The quintessential warrior, Whirlaway hit the board in 56 of 60 starts and maintained championship form three consecutive seasons. “Mr. Longtail” was voted champion 2-year-old only in the Turf and Sport Digest poll, but reigned as an unambiguous champion at three and four. His younger challenger, Alsab, was a Hall of Famer himself. Whirlaway was arguably unlucky to lose to him twice in three meetings, but the clashes themselves add to his legacy.

Seattle Slew likewise gained stature in defeat, most notably when caught by the world-class stayer Exceller after an unsustainably fast pace in the 1 1/2-mile Jockey Club Gold Cup (G1). A champion at two, three, and four, “Slew” repelled his successor, Affirmed, in both meetings. Affirmed, also a champion all three seasons, won a similar laurel when rebuffing Spectacular Bid in the next Jockey Club Gold Cup.

War Admiral is the outsider of the group in that he was champion only at three, and didn’t beat any other all-time great. But he did continue his winning habits at four, until Seabiscuit spoiled the party.

The emperors

Wielding supreme authority in their prime, Citation (1948) and Secretariat (1973) are a class unto themselves as “emperors.”

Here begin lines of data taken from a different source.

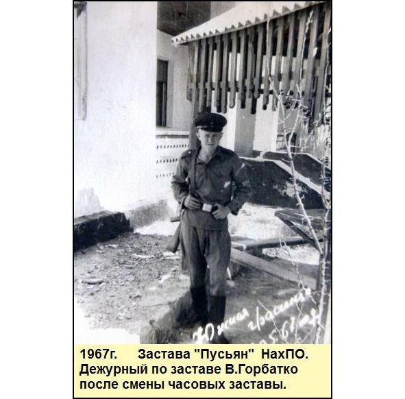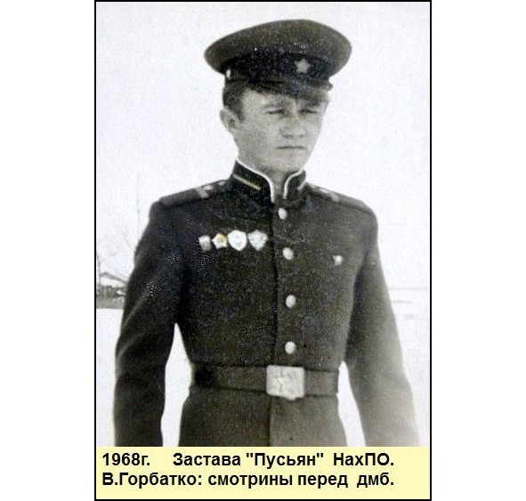 Так пролетели три года и три месяца службы. Ближе к увольнению мы готовили свою форму одежды, всё подогнали, прошивали погончики, сапоги начищали до невероятного блеска. При убытии с заставы в отряд проводов, как таковых, не было. 30 сентября 1968 года с подъёма я занимался тем, что в помещении заставы «железнил» цементом полы. Ко мне подошёл начальник заставы Лубик В. И. и говорит: «Собирайся, Горбатко», а когда я спросил: «Куда?», то начальник заставы пояснил, что вечером я должен поездом выехать в отряд. Вот и весь ритуал.
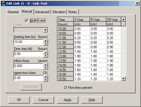 different tailwater table for each event. Click the Help button for
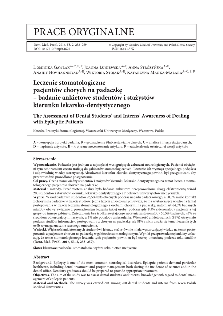 PRACE ORYGINALNE Dent. Med. Probl. 2016, 53, 2, 253–259 DOI: 10.17219/dmp/61620 © Copyright by Wroclaw Medical University and Polish Dental Society ISSN 1644-387X Dominika GawlakA–C, E, F, Joanna ŁuniewskaA–F, Anna StróżyńskaA–E, Anahit HovhannisyanA–E, Wiktoria StojakA–E, Katarzyna Mańka-MalaraA–C, E, F Leczenie stomatologiczne pacjentów chorych na padaczkę – badanie ankietowe studentów i stażystów kierunku lekarsko-dentystycznego The Assessment of Dental Students’ and Interns’ Awareness of Dealing with Epileptic Patients Katedra Protetyki Stomatologicznej, Warszawski Uniwersytet Medyczny, Warszawa, Polska A – koncepcja i projekt badania, B – gromadzenie i/lub zestawianie danych, C – analiza i interpretacja danych, D – napisanie artykułu, E – krytyczne zrecenzowanie artykułu, F – zatwierdzenie ostatecznej wersji artykułu Streszczenie Wprowadzenie. Padaczka jest jednym z najczęściej występujących zaburzeń neurologicznych. Pacjenci obciążeni tym schorzeniem często trafiają do gabinetów stomatologicznych. Leczenie ich wymaga specjalnego podejścia i odpowiedniej wiedzy teoretycznej. Absolwenci kierunku lekarsko-dentystycznego powinni być przygotowani, aby przeprowadzić prawidłowe postępowanie. Cel pracy. Ocena stanu wiedzy studentów i stażystów kierunku lekarsko-dentystycznego na temat leczenia stomatologicznego pacjentów chorych na padaczkę. Materiał i metody. Przedmiotem analizy było badanie ankietowe przeprowadzone drogą elektroniczną wśród 200 studentów i stażystów kierunku lekarsko-dentystycznego z 7 polskich uniwersytetów medycznych. Wyniki. Wśród badanych studentów 26,5% było obecnych podczas napadu padaczkowego, a 50,5% miało kontakt z chorym na padaczkę w trakcie studiów. Jedna trzecia ankietowanych uważa, że ma wystarczającą wiedzę na temat postępowania w trakcie leczenia stomatologicznego z osobami chorymi na padaczkę, natomiast 64,5% badanych miałoby obawy związane z prowadzeniem leczenia takiej osoby, podczas gdy 8,5% skierowałoby pacjenta z tej grupy do innego gabinetu. Znieczulenie bez środka zwężającego naczynia zastosowałoby 50,5% badanych, 43% ze środkiem obkurczającym naczynia, a 3% nie podałoby znieczulenia. Większość ankietowanych (89%) otrzymało podczas studiów informacje o postępowaniu z chorym na padaczkę, ale 81% z nich uważa, że temat leczenia tych osób wymaga znacznie szerszego omówienia. Wnioski. Większość ankietowanych studentów i lekarzy stażystów nie miała wystarczającej wiedzy na temat postępowania z pacjentem chorym na padaczkę w gabinecie stomatologicznym. Wyniki przeprowadzonej ankiety wskazują, że temat stomatologicznego leczenia tych pacjentów powinien być szerzej omawiany podczas toku studiów (Dent. Med. Probl. 2016, 53, 2, 253–259). Słowa kluczowe: padaczka, stomatologia, wyższe szkolnictwo medyczne. Abstract Background. Epilepsy is one of the most common neurological disorders. Epileptic patients demand particular healthcare, including dental treatment and proper management both during the incidence of seizures and in the dental office. Dentistry graduates should be prepared to provide appropriate treatment. Objectives. The aim of the study was to assess dental students’ and interns’ knowledge with regard to dental management of epileptic patients. Material and Methods. The survey was carried out among 200 dental students and interns from seven Polish Medical Universities. 254 D. Gawlak et al. Results. Twenty six point five percent of students witnessed epileptic seizures, 50.5% faced an epileptic patient during the studies. One-third of subjects admitted that they were aware of how to provide proper dental care. Sixty four point five percent of respondents would be afraid to perform dental treatment in epileptic patients, while 8.5% would refer patient to another clinic. Sexteen percent of students would not undertake prosthetic treatment in this group of patients. Fifty point five percent of respondents would administer anesthetics without vasoconstrictor, 43% with vasoconstrictor, 3% would not anesthetize at all, and 2.5% would perform all dental procedures under general anesthesia. Most of respondents (89%) reported that this topic was discussed during the course of their studies, whereas 81% of them expressed the necessity for the wider discussion on treating patients with special needs. Conclusions. The majority of examined dental students and interns did not have appropriate knowledge on how to deal with patients with epilepsy in dental office. The results of this survey indicate that issues connected with dental treatment of epileptic patients should be raised in broader dimension during the course of studies (Dent. Med. Probl. 2016, 53, 2, 253–259). Key words: epilepsy, dentistry, medical education, graduate. Padaczka jest jednym z najczęściej występujących zaburzeń układu nerwowego. Terminem tym obejmuje się grupę przewlekłych schorzeń neurologicznych, objawiających się występowaniem uogólnionych drgawek mięśni szkieletowych określanych mianem napadów padaczkowych, będących wyrazem nagłych i gwałtownych wyładowań komórek nerwowych istoty szarej, charakteryzujących się przerywanym, stereotypowym zaburzeniem świadomości, zachowania, emocji, czynności ruchowej, postrzegania lub czucia [1–4]. Obecnie zachorowalność dotyczy około 1% populacji [3, 4]. Liczba chorych w Polsce wynosi natomiast w przybliżeniu 400 tysięcy osób [5]. Jako główne przyczyny choroby podaje się urazy głowy, w tym okołoporodowe, naczyniowe choroby mózgu, zabiegi neurochirurgiczne, choroby zwyrodnieniowe i zanikowe, nowotwory pierwotne lub przerzutowe umiejscowione w mózgu, zapalenie mózgu bądź opon mózgowo-rdzeniowych oraz powikłania toksyczno-metaboliczne (m.in. alkoholizm) [6]. Prawdopodobieństwo wystąpienia napadu drgawkowego wśród ogółu populacji bez stwierdzonej epilepsji może os

Secretariat did not race beyond his 3-year-old season, but unlike those stuck in the “jurists” category, he presented an airtight case. Dirt or turf, short or long, fellow 3-year-olds or champion elders – at his best, Secretariat was simply sublime. It’s difficult to imagine a horse ever again approaching the standard of his 1973 campaign, with still-standing records in the Derby, Preakness, and Belmont (by an astronomical 31 lengths). Then toss in a world-record over the previous year’s dual classic winner, Hall of Famer Riva Ridge, among an all-star cast in the Marlboro Cup (G1); blitzing in a turf course record in the Man o’War (G1); and clinching champion turf horse honors in the Canadian International (G2). Oh, and he was Horse of the Year as a 2-year-old also.

Secretariat’s Achilles’ heel was that he didn’t always fire his best. That’s the very angle that Citation partisans can cite in his favor – “Big Cy” could be relied upon to deliver, winning 27 of 29 starts in his championship 2- and 3-year-old seasons that offer direct comparisons. He too beat fellow Hall of Famers in the older Armed as well as his contemporary Coaltown. Although Citation suffered more losses as an older horse, he was literally shouldering a burden that Secretariat never did, carrying 130 pounds or more, not to mention trying to recover his old spark after a year on the sidelines.

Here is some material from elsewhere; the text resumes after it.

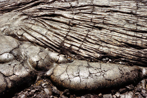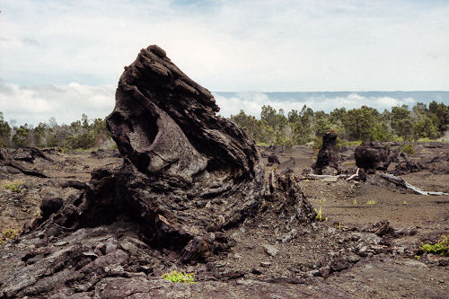 ![]() Lava flows round the base of a tree, the lava cools as the tree burns out. |
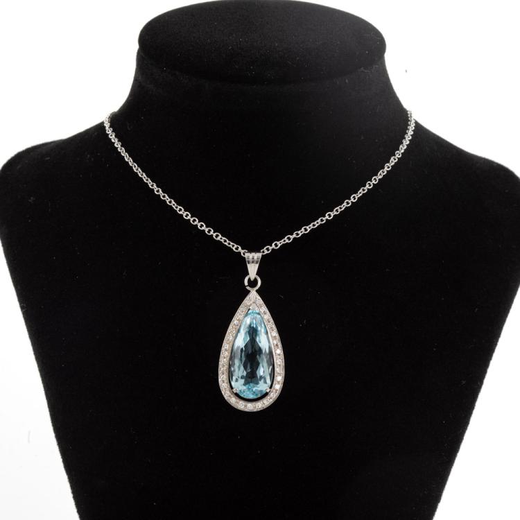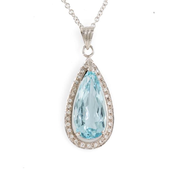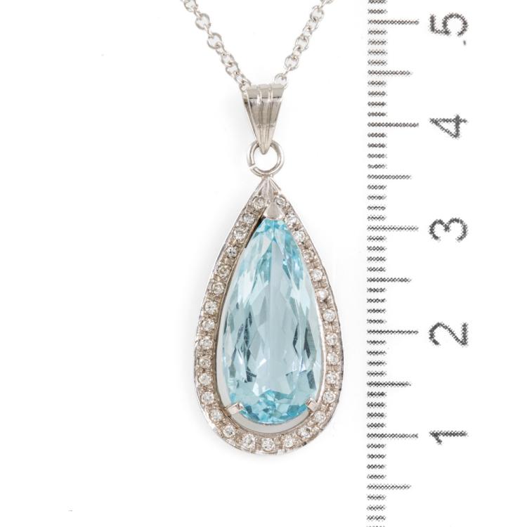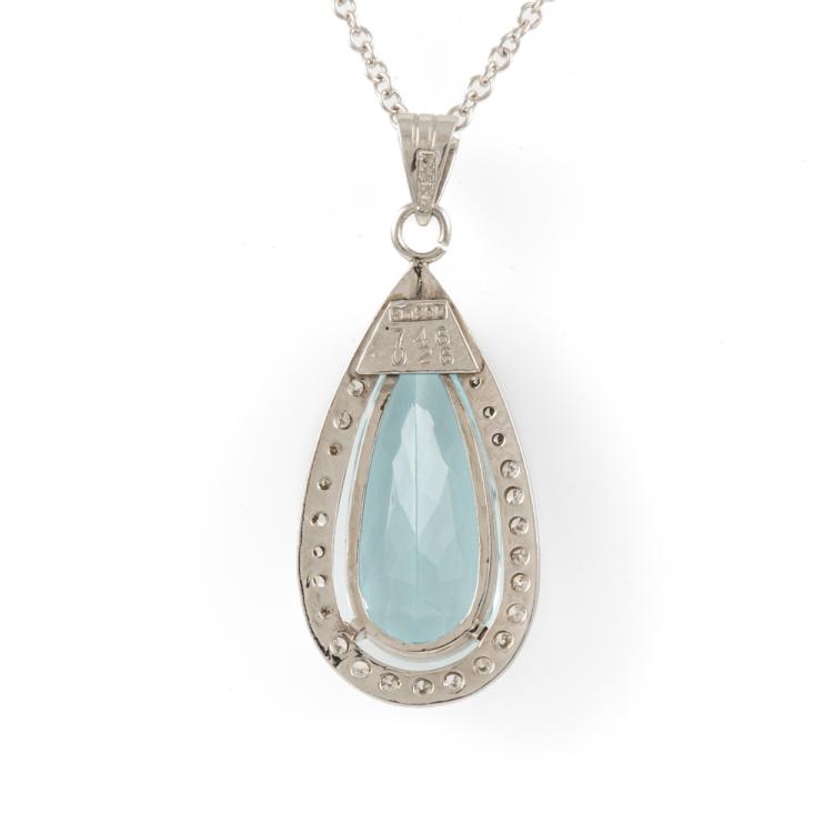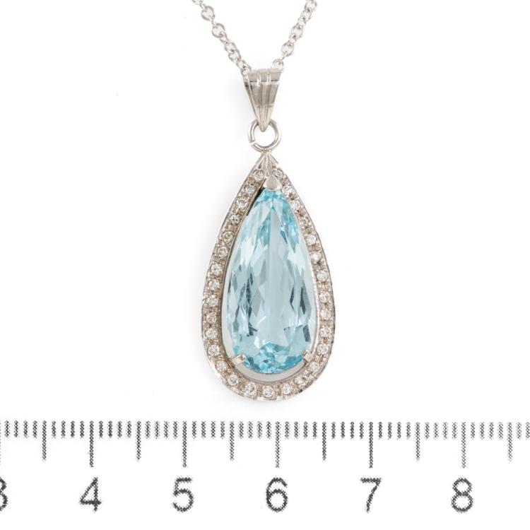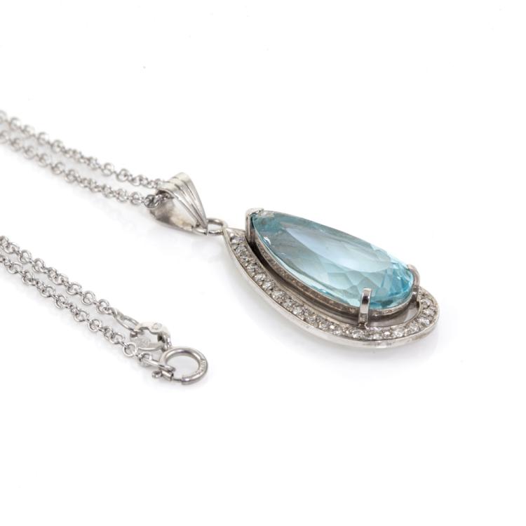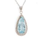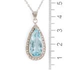 Aquamarine and Diamond pendant with Pear shape Natural Aquamarine of 7.46ct (note - Aquamarine with minor chip near 12 o'clock position) and round Natural Diamonds totalling 0.26ct. Platinum 900 with 44cm 18ct white gold chain. Weight: 8.2g. (Pre-owned)

How does one compare such all-time greats in a theoretical head-to-head? If Secretariat were greatness in its dazzling array, Citation was greatness distilled into its silkiest smoothness. The simple test of the clock will say Secretariat was faster, but if your life depended on a horse’s performance on any random day, you’d probably make Citation your insurance policy.

1 Comment on Classifying the Triple Crown winners: Four categories of champions

  1. Get real, it’s already decided that Secretariat will win. The fix is in. My choice: Seattle Slew. His breaking through a wall of horses to gain position after his disastrous break was the best Derby win ever. Secretariat would have had to kill Slew to get past him if they raced against each other.